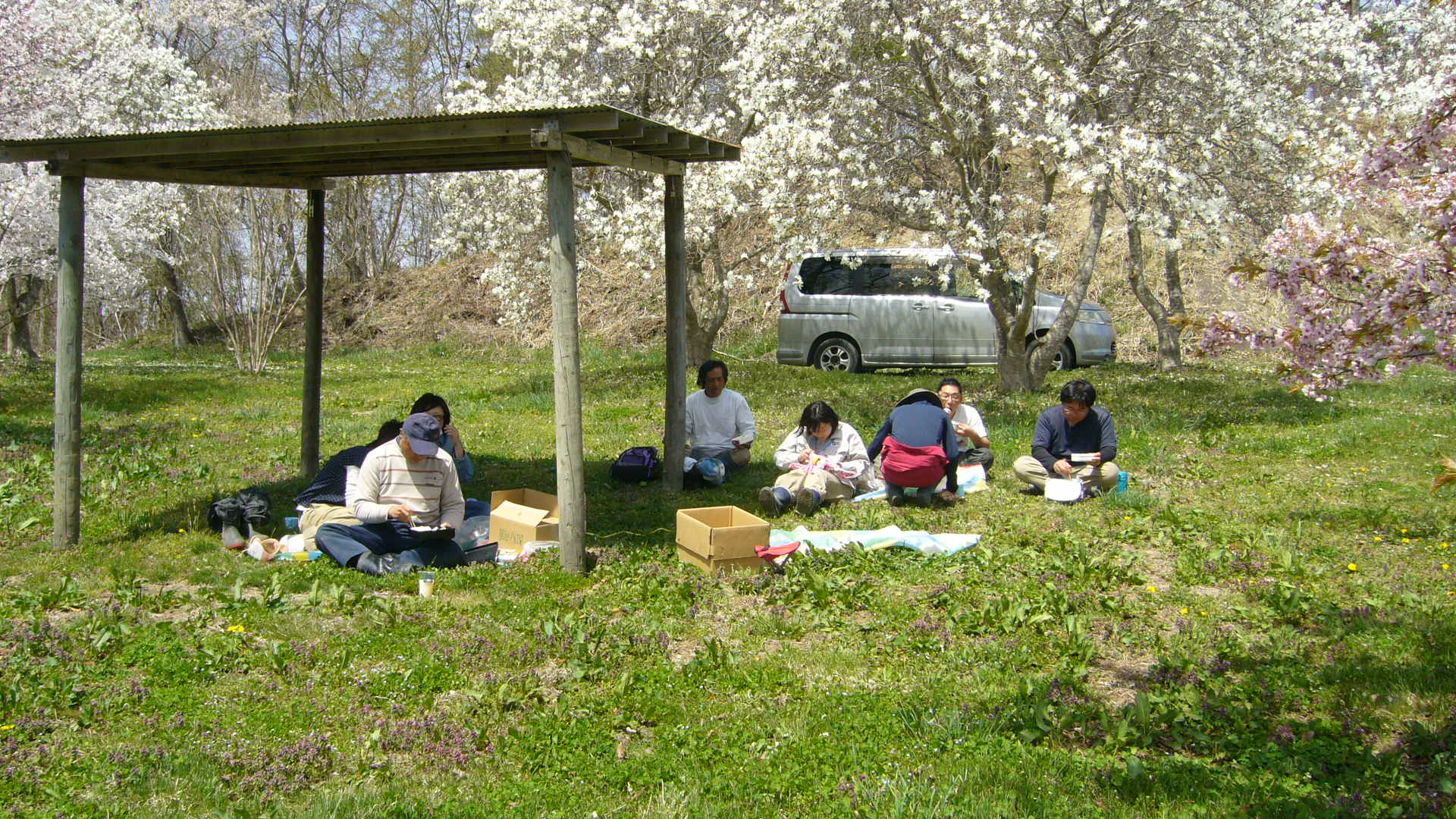 無性にお花見をしたくなり、仲間と昼食を食べながらのプチ花見をしました。
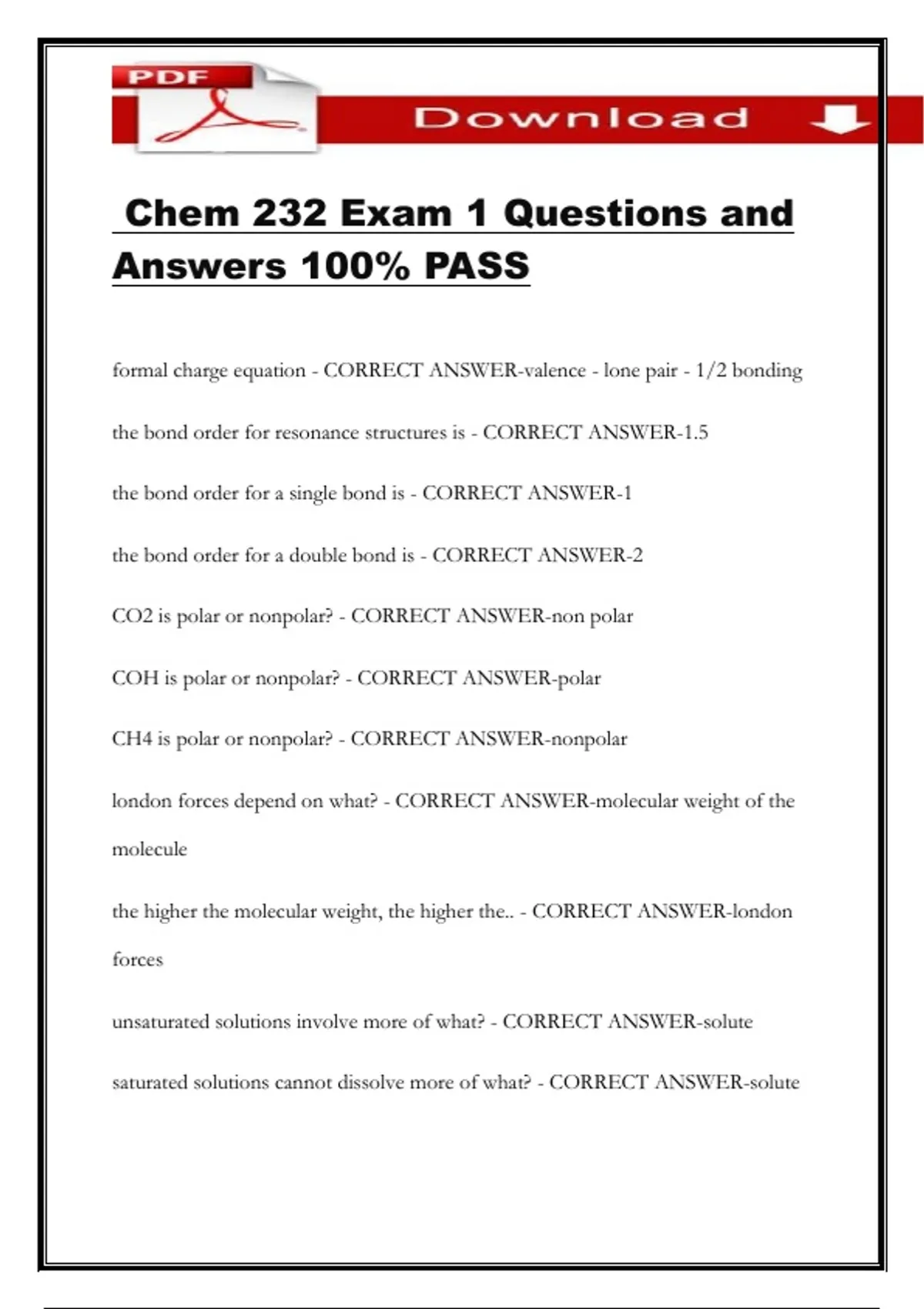 Chem 232 Exam 1 Questions and Answers 100% PASS
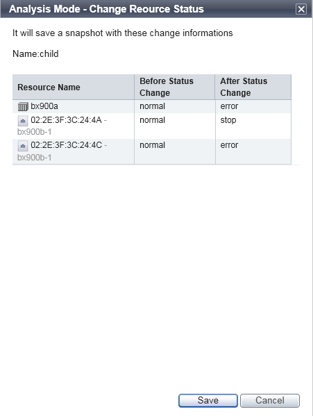 When the [Save] button is clicked, the influence scope data with changed resource statuses is saved as modified failure state data.
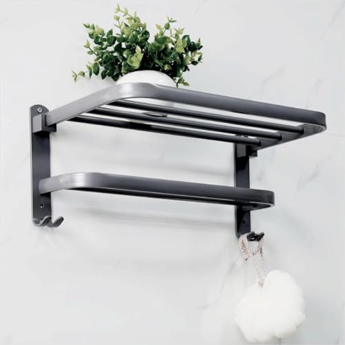 Home Bathroom Furniture yozhch Black Towel Rail Wall Mounted Towel Rack Bathroom Towel Holder Self Adhesive Towel Rail with Shelf 90° Foldable 2 Tier Towel Bar (58cm)
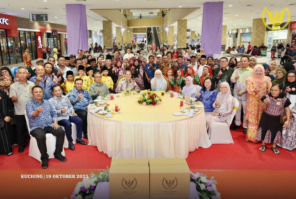 Tun Wan Junaidi dan Toh Puan Fauziah merakamkan penghargaan kepada semua pihak yang terlibat, khususnya Pasar Raya Mydin, JKM Sarawak, serta pegawai-pegawai Astana Negeri atas komitmen dan dedikasi dalam menjayakan majlis ini.
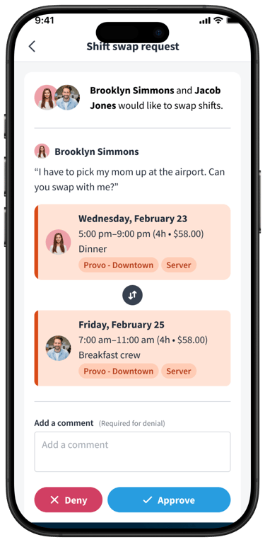 The manager clicks Approve or Deny. If approved, the schedule updates and both employees are notified. If denied, the original assignments remain, and the requesting employee is still responsible for their shift.

+-------+

-- YOUR TASK --
Pictures stay out; reproduce exactly the lines from the one containing "Home Bathroom Furniture" through the end of the data.

-- TASK RESPONSE --
 Home Bathroom Furniture yozhch Black Towel Rail Wall Mounted Towel Rack Bathroom Towel Holder Self Adhesive Towel Rail with Shelf 90° Foldable 2 Tier Towel Bar (58cm)
 Tun Wan Junaidi dan Toh Puan Fauziah merakamkan penghargaan kepada semua pihak yang terlibat, khususnya Pasar Raya Mydin, JKM Sarawak, serta pegawai-pegawai Astana Negeri atas komitmen dan dedikasi dalam menjayakan majlis ini.
 The manager clicks Approve or Deny. If approved, the schedule updates and both employees are notified. If denied, the original assignments remain, and the requesting employee is still responsible for their shift.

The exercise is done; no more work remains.